MIC (mg/L) EC50 (mg/L) mean ± SEa
CAMHB LB
WT T331I WT T331I WT T331I
Vancomycin 1 2 1 2 1.28 ± 0.05 1.66 ± 0.03
Methicillin 8 16 1 2 7.44 ± 1.03 11.14 ± 1.21
Daptomycin 2 2 0.25 0.5 3.10 ± 0.17 5.10 ± 1.03
a

Standard error.

Fig 2.

Dose–response curves depict antibiotic susceptibility of S. aureus Newman and T331 mutant. T331 depicts reduced sensitivity to vancomycin, methicillin, and daptomycin, indicating increased resistance compared to Newman strain.

Relationship between the drug concentrations and the bacterial burden. Dose-response curves of the tested antibiotics in the Newman WT and T331I mutant strain. Results obtained are in Table 1, and the parameters for the model are in Table S1.

The T331I strain demonstrates significant changes in S. aureus growth kinetics under antibiotic stress

In the presence of resistant mutant strains of pathogens, the window of concentration between the MIC of the WT to that required to inhibit the least susceptible mutant is expected to enrich the resistant strain subpopulations selectively (27). To assess the extent of this window with the T331I mutation, the growth curves of WT and mutant strains were monitored with and without antibiotic stress, as previously described (24). The strains were grown for 24 h in the presence of different doses of vancomycin, daptomycin, and methicillin. The antibiotic concentrations screened were below to slightly above the MIC for the strains. In the absence of antibiotics, the T331I strain had similar growth kinetics to the WT strain with no significant growth defect. The calculated growth rate for WT Newman was 0.09 (95% CI: 0.08–0.10) log10 CFU/mL/h, whereas the T331I was 0.07 (95% CI: 0.06–0.8) log10 CFU/mL/h.
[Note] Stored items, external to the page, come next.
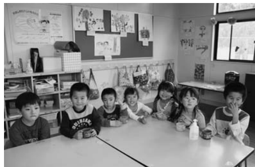
みんななかよし! (山谷幼稚園)
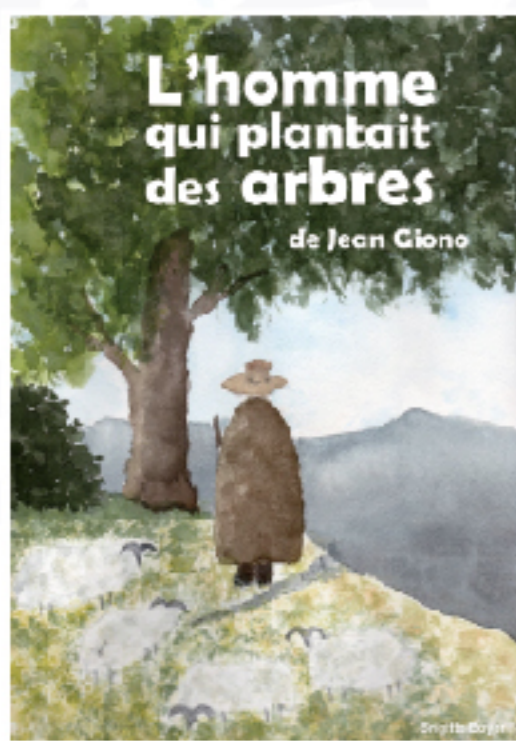
Affiche

Une rencontre entre un randonneur et un berger. Sur les hauts plateaux de Provence. Le berger, Elzéard Bouffier, vit chichement. Une trentaine de moutons. Région balayée par les vents. Désertique. Rares villages de misère. Galère humaine. Elzéard se fixe une mission. Redonner vie et espoir. Il plante des graines. Deviennent arbres. Il n'attend rien en retour. En l'espace de deux guerres, les arbres poussent. Les racines retiennent l'eau. Les habitants s'installent. La vie reprend son visage du plaisir. Renaissance des hameaux. Terre colorée. Chants d'oiseaux. Fable sur la nature. Pacifiste et humaniste. Don de soi. Générosité. Main tendue à l'autre. Geste d'amour. Comme ces arbres qui offrent leurs feuilles à l'humanité.
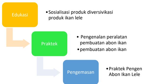
Gambar 3. Diagram Alir Langkah Penyelesaian
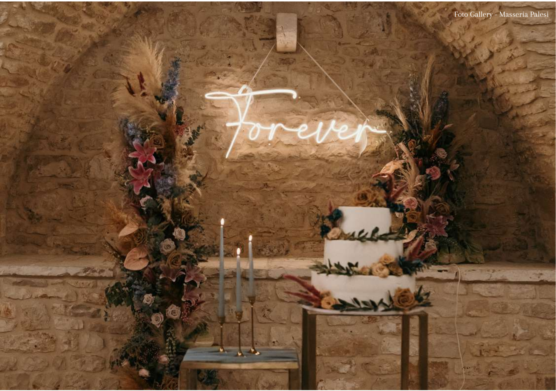
Foto Gallery - Masseria Palesi
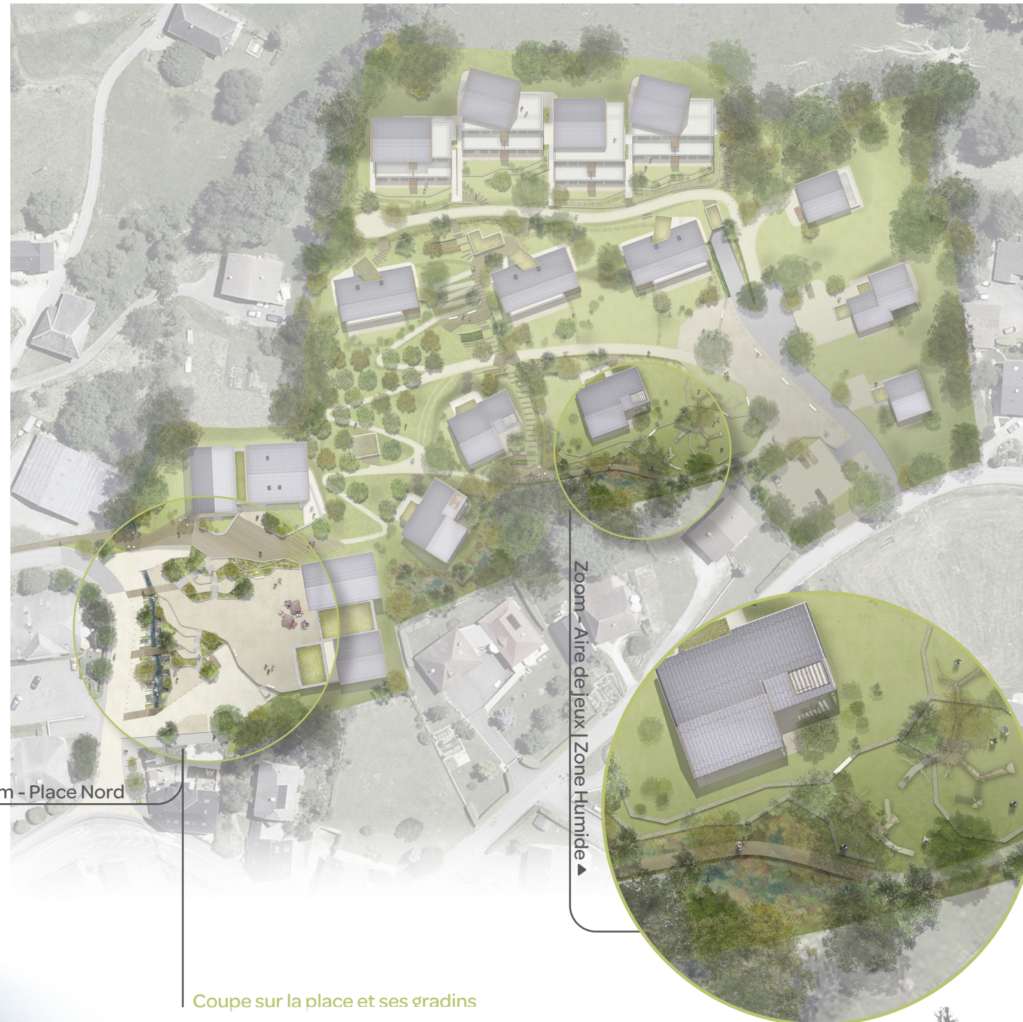
Coupe sur la place et ses gradins
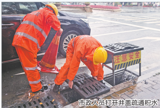
市政人员打开井盖疏通积水
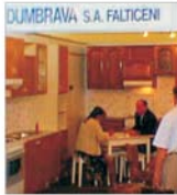
"Dumbrava SA Fălcițeni" vrea să se mențină pe piața externă
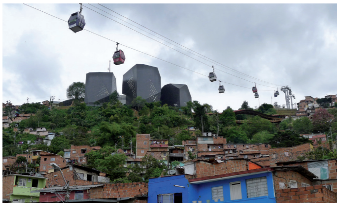
El metro cable y la biblioteca de España del barrio Santo Domingo de Medellín (Colombia)

El primer modelo de intervención en el año 2004, se apoya en la implementación del sistema de transporte por cable (Metrocable) y sus nuevas estaciones como la base esencial en la definición de la estrategia territorial. El PUI Nor Oriental, potenció la ubicación de las estaciones, con el objetivo de complementar y ampliar el impacto generado por el Metrocable. Se implementó un proceso de consolidación barrial que permitiera estructurar y ordenar el territorio (y no solamente mejorar su accesibilidad) a través de obras
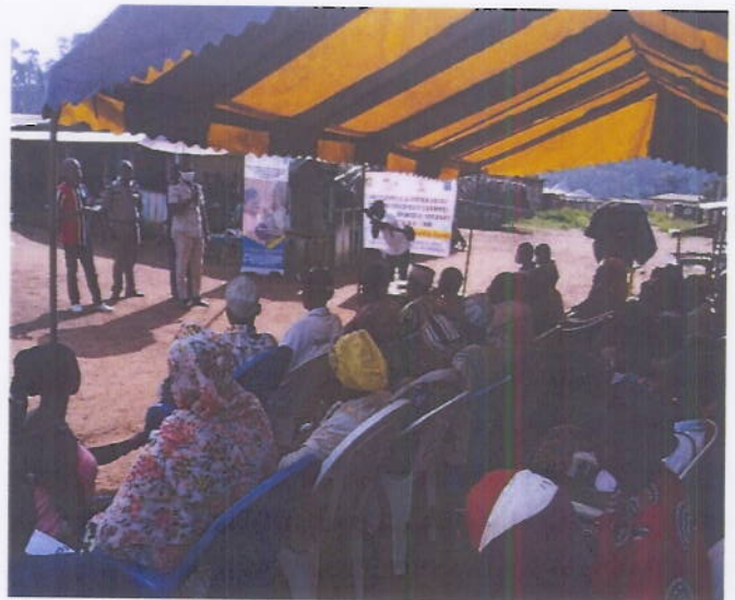
Figure 4: Sensibilisation de masse sur la cohésion sociale à Danané avec l'appui du Sous-Préfet

Les activités de masse sont des activités au cours desquelles les relais communautaires et d'autres participants (autorités traditionnelles et administratives) sensibilisent les communautés sur la cohésion sociale, la nécessité de la cohabitation pacifique et d'autres thèmes d'intérêts publics (foncier rural, VBG). Ses sensibilisations sont réalisées à travers des focus groups, le théâtre participatif, les activités culturelles et sportives, les émissions radiophoniques avec la collaboration des radios de proximité l'objectif principal étant l'atteinte du plus grand nombre de personnes possibles.

However, in the presence of antibiotics, the mutant shows faster growth rates, shorter lag time, and more persistence than the WT strain (Fig. 3).

Fig 3.

Growth curves compare T331I and Newman strains under increasing concentrations of vancomycin, daptomycin, and methicillin. T331I exhibits sustained growth at higher antibiotic concentrations, confirming enhanced resistance relative to Newman strain.
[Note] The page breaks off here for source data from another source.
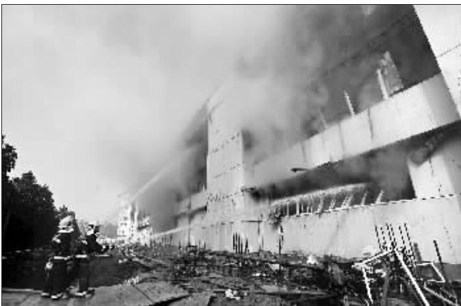
火势太大,喷水的效果有限
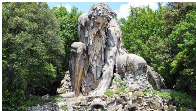
рис.2. Аллегория Апеннин

А начали мы, конечно, с понятия аллегория. Аллегория (от др.-греч. ἀλληγορία — иносказание) - иносказание, выражение чего-нибудь отвлечённого, какой-нибудь мысли, идеи в конкретном образе. И
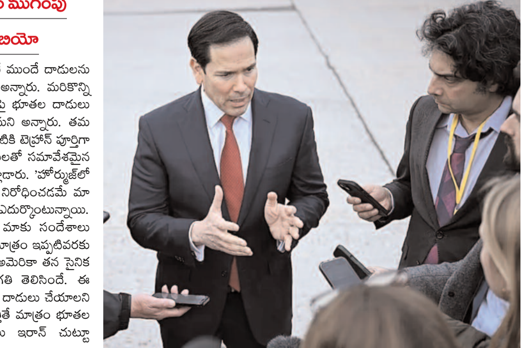
ప్యాసిస్, మార్చి 28: ఇరాన్ పై అనుకున్న సమయం కంటే ముందే దాడులను ముగిసేమని అమెరికా విదేశాంగ మంత్రి మార్క్ రుబయో అన్నారు. మరికొన్ని వారాల్లో ఇరాన్ యుద్ధం ముగుస్తుందని తెలిపారు. ఇరాన్ పై భూతల దాడులు చేయాల్సిన అవసరం లేకుండానే తమ లక్ష్యాలను సాధిస్తామని అన్నారు. తమ దాడులు మరో రెండు, మూడు వారాల్లో పూర్తవుతాయని, అప్పటికి బెన్ షాద్ హుర్రీగా బలహీనపడుతుందని పేర్కొన్నారు. ఫ్రాన్స్ లో జీ-7 ప్రతినిధులతో సమావేశమైన అసంతరం జరిగిన విలేజ్ లో సమావేశంలో రుబయో మాట్లాడారు. 'హోర్నోజ్ లో జరిగే చమురు రవాణాపై ఇరాన్ సుంకాలు విధించకుండా నిరోధించడమే మా తక్షణ కర్తవ్యం. ఆ సుంకాల వల్ల అనేక దేశాలు ఇబ్బందులు ఎదుర్కొంటున్నాయి. యుద్ధం ముగింపుపై చర్చల కోసం ఇరాన్ పాలకవర్గం మాకు సందేశాలు పంపింది. అయితే మేం ప్రతిపాదించిన శాంతి ప్రణాళికపై మాత్రం ఇప్పటివరకు స్పందించలేదు' అని రుబయో తెలిపారు. పశ్చిమాసియాలో అమెరికా తన సైనిక బలగా మోహరించును ఇటీవల భారీగా పెంచిన సంగతి తెలిసింది. ఈ విషయంపై కూడా రుబయో మాట్లాడారు. 'ఇరాన్ పై భూతల దాడులు చేయాలని మేం అనుకోవడం లేదు. కానీ, అత్యవసర పరిస్థితులు తలెత్తితే మాత్రం భూతల దాడులకు దిగక తప్పదు. అందుకే అమెరికా దళాలు ఇరాన్ చుట్టూ మోహరిస్తున్నాయి' అని రుబయో స్పష్టం చేశారు.

అనుకున్న సమయానికన్నా ముందే యుద్ధం ముగింపు అమెరికా విదేశాంగ మంత్రి మార్క్ రుబయో
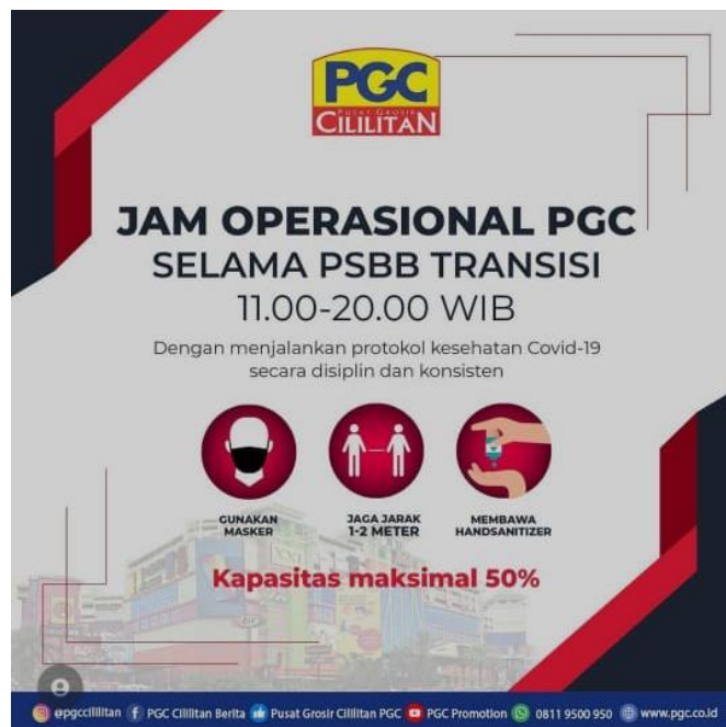
Gambar 1. 4 Jam Operasional Pusat Grosir Cililitan

Penutupan sementara Pusat Grosir Cililitan, tentunya menghambat operasional para tenant di tengah pandemi Covid-19. Hal tersebut terjadi hingga Juni 2020, saat Pusat Grosir Cililitan kembali dibuka dengan menerapkan kebijakan dan peraturan baru seperti pembatasan jumlah pengunjung dan waktu operasional tenant. Pusat Grosir Cililitan dengan menerapkan peraturan baru seperti membatasi jumlah pengunjung mall sebanyak 50% dan mengurangi waktu operasional setiap tenant.
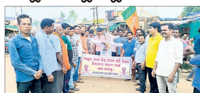
ରାଜଘରଠାରେ ବିକ୍ଷୋଭ ପ୍ରଦର୍ଶନ କରାଯାଇଛି।

ରାଜଘରଠାରେ ବିକ୍ଷୋଭ ପ୍ରଦର୍ଶନ କରାଯାଇଛି। ରାଷ୍ଟ୍ରଲଙ୍କ ମତବ୍ୟକୁ ନେଇ ସାରା ଦେଶରେ ବିରୋଧ ସୂଚୀମାନୁ ମିଳିଛି।
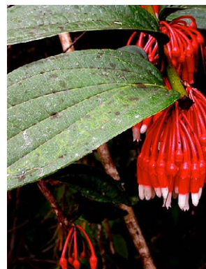
73 Psammisia ulbrichiana
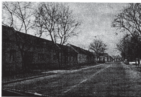
Sl. 27, 28 i 29 Prikaz Gundulićeve ulice u Osijeku i krajobraznog uređenje jedne od važnijih prometnica grada

U susjednim su ulicama (Hebrangovoj i Kanižličevoj) posađeni drvoredi lipa. Poznato je da je lipa alergen i da loše djeluje na rad srca. Koncentracija mirisa i peluda u doba cvatnje (gotovo cijeli mjesec lipanj) je takva, da mnogi moraju u to vrijeme otići iz svojih stanova.
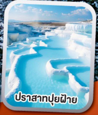
ปราสาทปุยฝ้าย
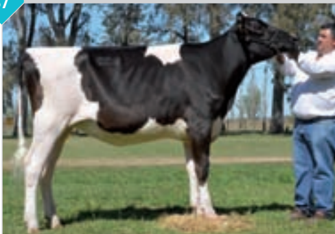
37 DON MINGO IRA GRAZIA 2376 SEAVER TE

HBA 0326682 Campeón Ternera Intermedia Villa María otoño, Campeón Ternera Mayor Canals y La Playosa, Campeón Vaquillonona Menor y Campeón Hembra Junior ERICCA, 3er. Premio Vaquillonona Menor MIL. Criador y expositor: Sy C Tambos SA, Don Nura.
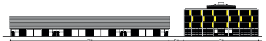
4. FAÇANA CARRER
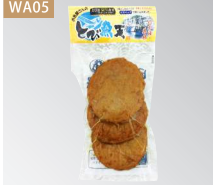
若女飛魚天 規格：20包 x 2盒

Growth curves of the T331I mutant (red lines) and WT (New) strains (black lines) in the presence of different antibiotic concentrations. PC indicates positive control growth without antibiotics. The data represent the average ± SD of at least three biological replicas.

The expression of blaZ is significantly increased in the T331I mutant strain under antibiotic stress

To investigate the possible effect of mutation on VraSR self-regulation and its downstream transcription, we compared the expression of vraR, pbp2, and blaZ in the WT and T331I strains before and after antibiotic stress using quantitative real-time PCR analysis (qRT-PCR), as previously described (24) and detailed in the Materials and Methods section. The pbp2 gene translates to a transpeptidase that is essential for cell wall formation and highly involved in resistance to antibiotics, while blaZ translates to the β-lactamase enzyme responsible for the hydrolysis of β-lactam antibiotics (28). Figure 4 shows the expression of all the tracked genes relative to the Newman WT in the absence of antibiotics. In the absence of antibiotic stress, T331I had similar expression levels to the WT strain for vraR and pbp2 yet showed a 6.5-fold increase in blaZ expression (P = 0.0209). After vancomycin exposure, the two strains showed a similar trend of increased expression for the tested genes. Compared to the WT, T331I showed a 1.7-fold lower pbp2 expression (P < 0.0001) but a 2.5-fold higher blaZ expression (P = 0.0001). Methicillin caused an increase only in blaZ expression, with T331I showing 3.5-fold higher expression than WT (P < 0.0001). Interestingly, daptomycin did not affect the expression level of the tested genes in the WT with all antibiotics. In comparison, T331I had significantly higher expression of pbp2 (1.5-fold, P = 0.0224) and blaZ (6.5-fold, P = 0.0027) compared to the WT strain.

Fig 4.

Bar graphs depict fold expression of vraR, pbp2, and blaZ in wild-type and T331I strains under different antibiotics. T331I exhibits significantly higher blaZ expression, indicating enhanced β-lactamase activity and antibiotic resistance.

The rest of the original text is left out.